И что тут началось! Из Петькиной комнаты и из кладовки в переднюю полетели болты и гайки, велосипедные колеса и какие-то винты, железо разного профиля, клещи и плоскогубцы, молотки и паяльники, банки, склянки и жестянки. Грохот и лязг стоял такой, что сверху и снизу прибежали соседи и с изумлением наблюдали, как уже из передней на лестничную площадку летели упомянутые выше предметы, а Петр Батурин то, как вратарь, пытался поймать какую-нибудь банку, то, как боксер, увертывался от летящей в него жестянки.



Перекидав весь этот металлолом, Мария Ивановна в сердцах захлопнула дверь перед самым Петькиным носом. Соседи разошлись. На площадке остался Петр, который с обалделым видом почесывал себе затылок, да профессор Орликов, спустившийся с третьего этажа. Петр тяжело вздохнул, но тут же принял суровый и гордый вид.



А профессор Орликов нагнулся и начал что-то выискивать в куче весьма полезных вещей, выкинутых на площадку.

— Ага, вот, — сказал он и разогнулся, держа в руках паяльник, — не одолжишь на пару дней паяльничек, Петя? Мой перегорел.

— Пожалуйста, — довольно мрачно сказал Петр и тяжко задумался, куда же, в самом деле, девать теперь все эти сокровища.

Он и сам не заметил, как вслух сказал:

— В металлолом, что ли, сдать?

— Ни в коем случае, Петя, — серьезно сказал профессор, — ни в коем случае. Этакое богатство…

Потом тряхнул своей богатырской гривой и сказал:

— Безвыходных положений не бывает. Пошли, юноша.

— Куда? — удивленно спросил Петр.

— Ко мне, конечно. Поищем временную территорию для… гм… склада. Пошли.

— Нет, — быстро сказал Батурин, — к вам — нет.

Профессор внимательно посмотрел на Петра.

— Так ведь у нас никто не кусается.

— А я и не боюсь, — буркнул Батурин.

— Тогда пошли.

— Нет, — опять быстро сказал Батурин.

Профессор Орликов взлохматил свою могучую гриву и присел на ступеньку. В это время жена профессора поднималась по лестнице с продуктовой сумкой.

— Венчик, — удивленно сказала она. — Что ты тут делаешь?

— А, Лизок, — обрадовался Вениамин Вениаминович, — скажи, пожалуйста, у нас в кладовке найдется немного места?

Елизавета Николаевна покачала головой и улыбнулась.

— Откуда же, — сказала она, — когда там чуть не дюжина автомобильных колес, задний мост и, как его… карданный вал.
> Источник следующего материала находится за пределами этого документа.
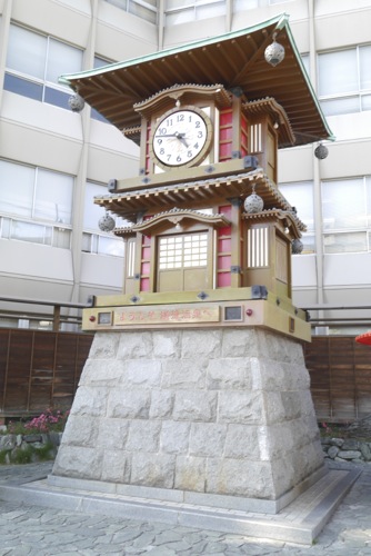 道後温泉の駅前、アーケードの入り口手前すぐにある時計。けっこう地味なので、意外と目立たない。時計の根元横すぐには足湯があるので、毎時0分のカラクリが動き出す前に来てしまっても、足湯に浸かって待てば効率よく観光できます。笑。時間になるとたくさんの人がやってきます。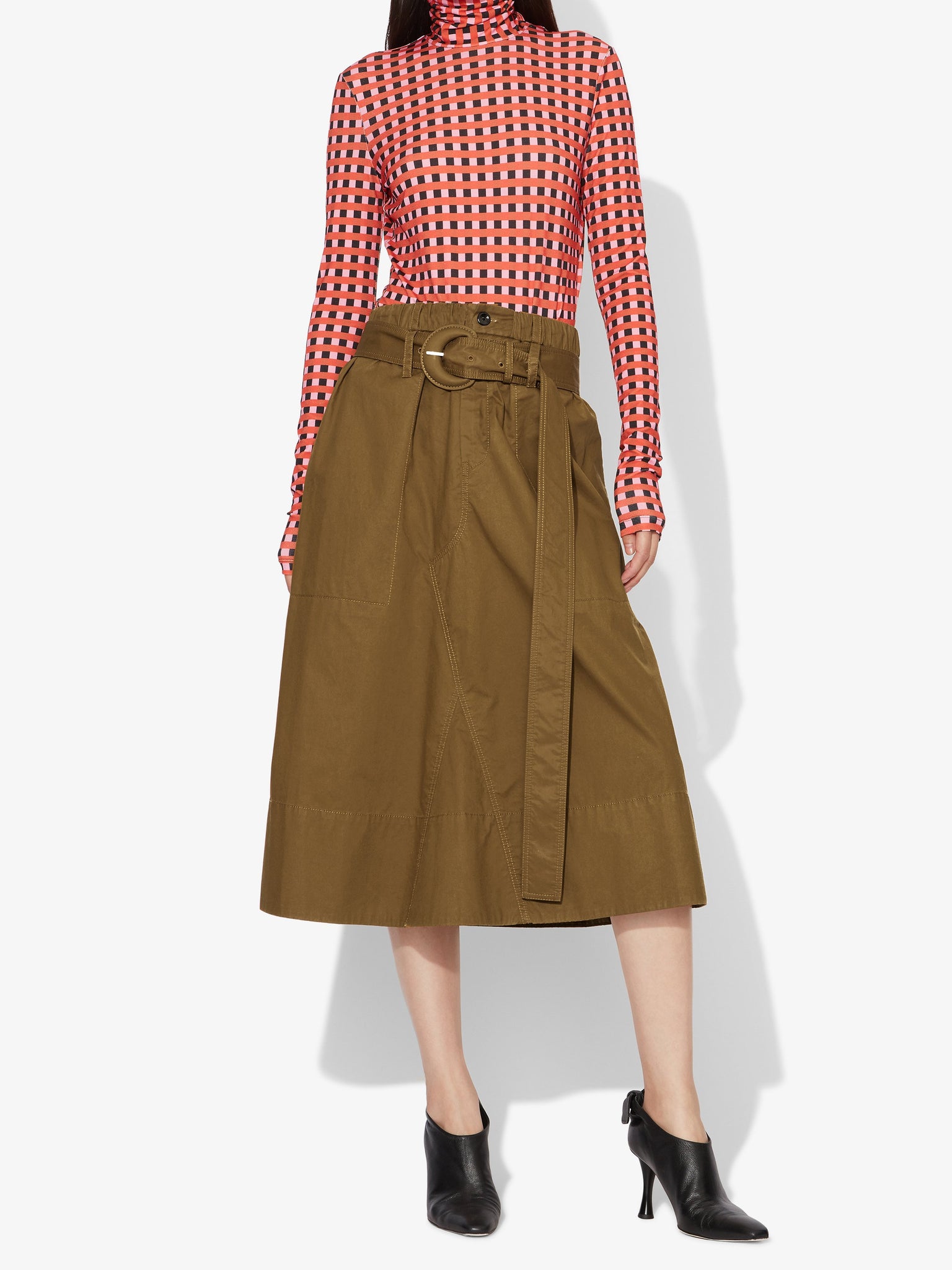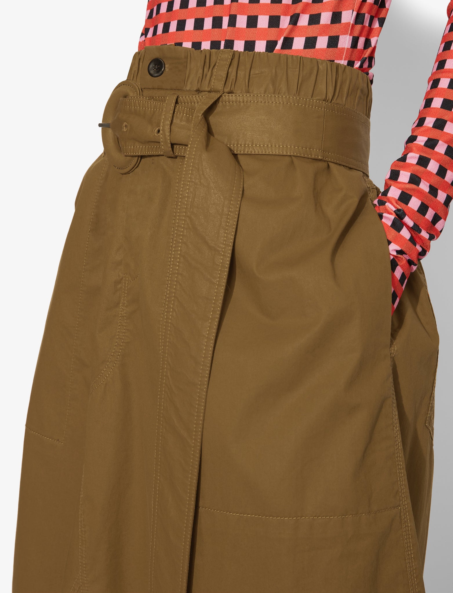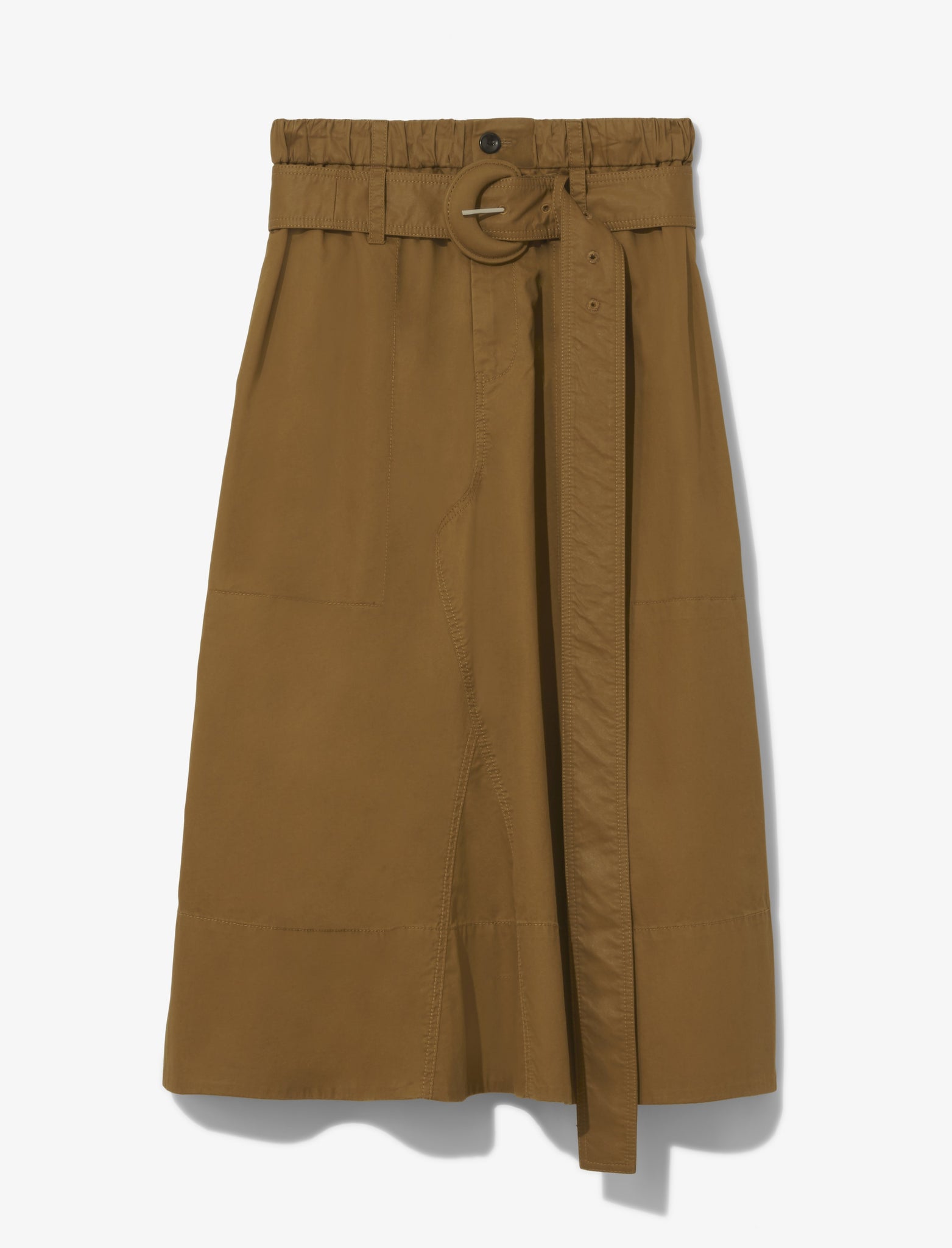 Crafted in cotton twill, the Belted Cotton Skirt in brown features a high-rise waist with a contrasting black drawstring and elongated self-covered buckle belt. A-line silhouette. Front button and concealed zip closure. Side slip pockets.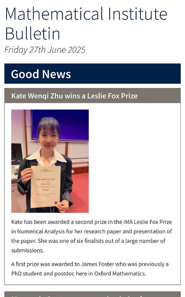 不久前,牛津大学数学在读博士生朱雯琪斩获全球数学大奖Leslie Fox Prize的新闻引发广泛关注。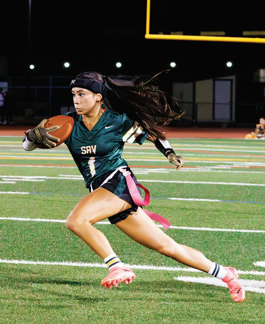 In 2022, San Ramon Valley High School (SRVHS) teacher and technology teacher on special assignment (TSA), Chad Cochran, proposed to the SRVHS athletic director that they consider adding girls’ flag football to their fall sport offerings. He had been following the approval process moving through the state and wanted SRVHS to be one of the first to offer the sport when approved by the California Interscholastic Federation (CIF). He had coached his son’s flag football team for years. For his sports-interested daughter, he saw how high school flag football was growing in popularity in Southern California and elsewhere in the country, as well as the growth of college programs. Joined by parent Sean Gann, whose daughter Sydney Gann is a varsity player and team captain this year, the coaches began growing the team and building a competitive pipeline of underclassmen as well to eventually field both junior varsity and varsity teams.
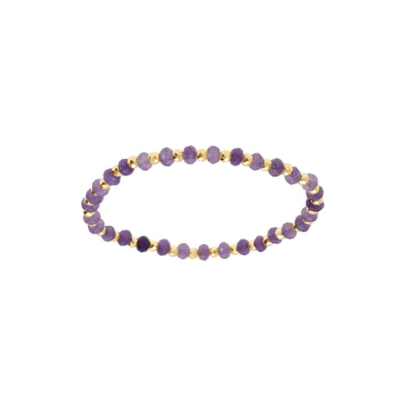 Bracelet acier EXTENSIBLE AMETHYSTE VÉRITABLE ET BOULES ACIER DORÉ
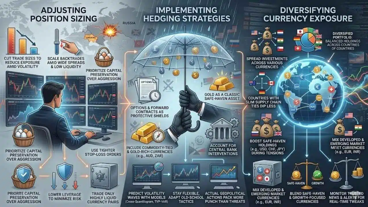 Geopolitical events shake up currency markets, from quick volatility in safe-haven assets like the US dollar to long-term shifts in trade flows and capital flight. Traders can easily manage these risks by adjusting position sizes, hedging with options, and diversifying across currencies, keeping things simple and effective even in wild times.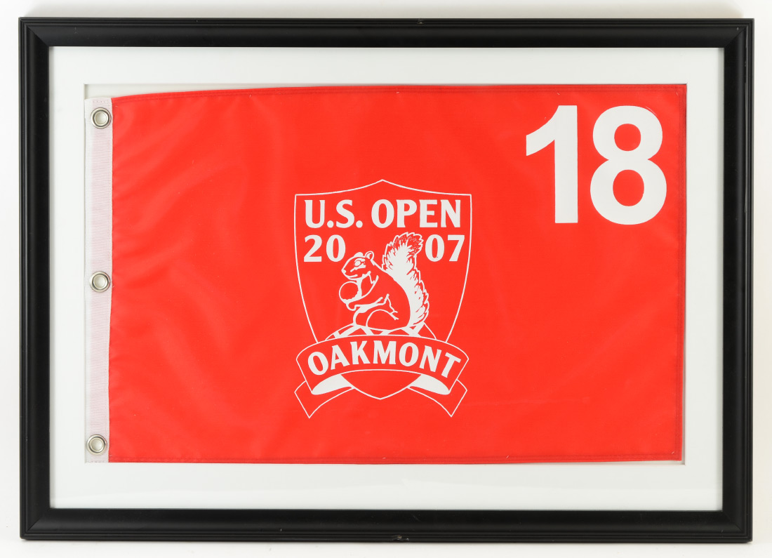 2007 US OPEN 18TH HOLE GOLF PIN FLAG: 18th hole flag from the 2007 US Open held at Oakmont, won by Angel Cabrera. Flag measures 13 3/4'' x 22'', framed under glass 19'' x 26 3/4''.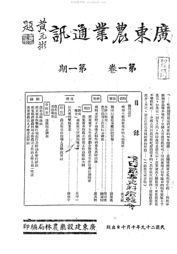 | 网盘路径:/时光图书馆珍藏系列/书籍文件/老杂志、老期刊/民国期刊/广东/《广东农业通讯》(广东)1940-1942年合集.db | ||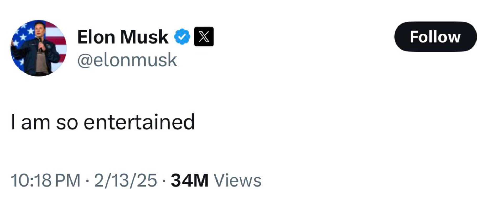 In the first days of the new regime, Musk used his wealth-derived political power to terrorize the world's most vulnerable people. Now he wants to you to clap as he takes a chainsaw to every corner of government and "save money" by "eliminating waste" in areas such as finding cures for pediatric cancer and Alzheimer's.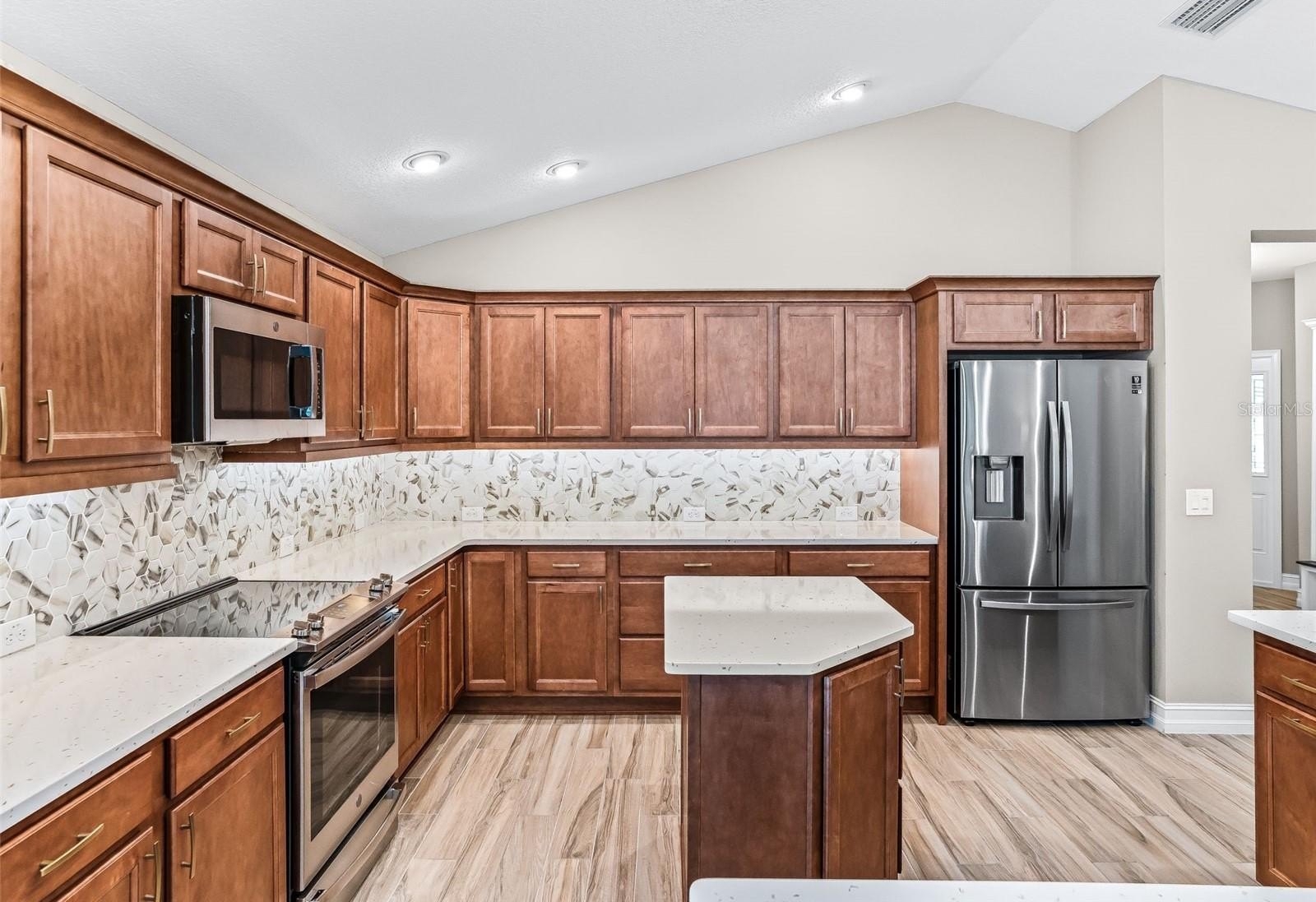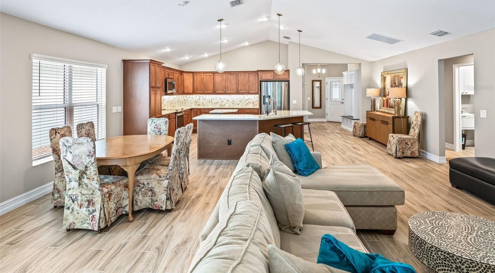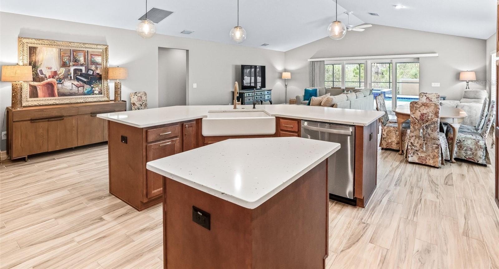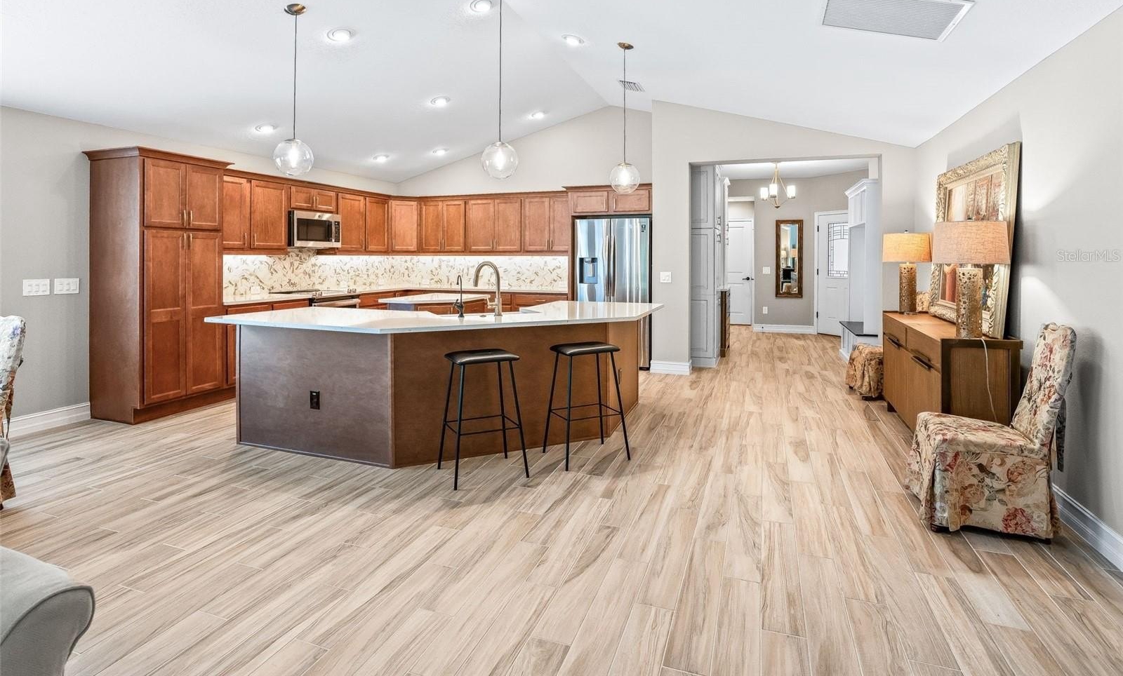 Stunning Turn Key Winslow model in The Village of Chitty Chatty. Features include screen enclosed pool and spa with brick paver patio. Screening is bug proof. Great location, backs up to preserve area (no homes behind). Open and spacious floor plan with ceramic plank tile flooring. Kitchen is a chef's dream with quartz counter tops, tile back splash, center island, stainless steel appliances, over and under cabinet lighting, cabinets with pull outs and soft close drawers with built in organizers, up-graded cast iron sink, and large pantry. There are custom built in's in closets and entryway. Primary bedroom has tray ceiling and primary bath features Roman shower, double sinks, granite counters, and walk in closet. Other features of the home include water filtration system and water softner, laundry room with utility sink and shelving, vaulted ceilings, pleated shades, two car garage plus golf cart garage, pull down attic stairs, screen enclosed front patio, and maintenance free landscaping with no grass to mow. MUST SEE!

А что случилось? — она с любопытством оглядела груду предметов, громоздящихся на площадке.

— Да вот, — горестно сказал профессор Орликов, — надо товарища выручать. Из него наверняка знаменитый изобретатель выйдет.

Петр Батурин встрепенулся:

— А вы откуда знаете?

— Судя по неприятностям, которые на тебя свалились. И судя по тому, как ты их переносишь, — ответил профессор. — Вспомни: Рудольфа Дизеля, который изобрел мотор, чуть не довели до сумасшедшего дома, тульский Левша, который блоху подковал, тоже всю жизнь мучился, а великого ученого Джордано Бруно даже на костре сожгли…

Петр удивленно уставился на профессора. Елизавета Николаевна смеялась, а профессор, став в позу, продолжал своим могучим басом:

— Таких примеров в истории, к сожалению, тьма, но они говорят о том, что великие люди не боялись трудностей. Итак, что мы будем делать, Лизок? Не дадим погибнуть великому самоучке-механику?!

— Нет, конечно, — сказала Лизок. — Заводи-ка ты свой драндулет, если заведется, забирайте это бара… эти штуки и поезжайте на реку к дяде Веретею. У него там хороший сарайчик есть.

— Ты гений, Лизок! — закричал профессор Орликов. — История тебя не забудет. Итак, я пошел заводить свой драндулет, как непочтительно выразилась моя супруга, а вы, юноша, таскайте пока свои материальные ценности вниз.

— А… — начал было Батурин, но профессор не дал ему договорить.

— Вопросы потом, — сказал он, — сейчас за дело.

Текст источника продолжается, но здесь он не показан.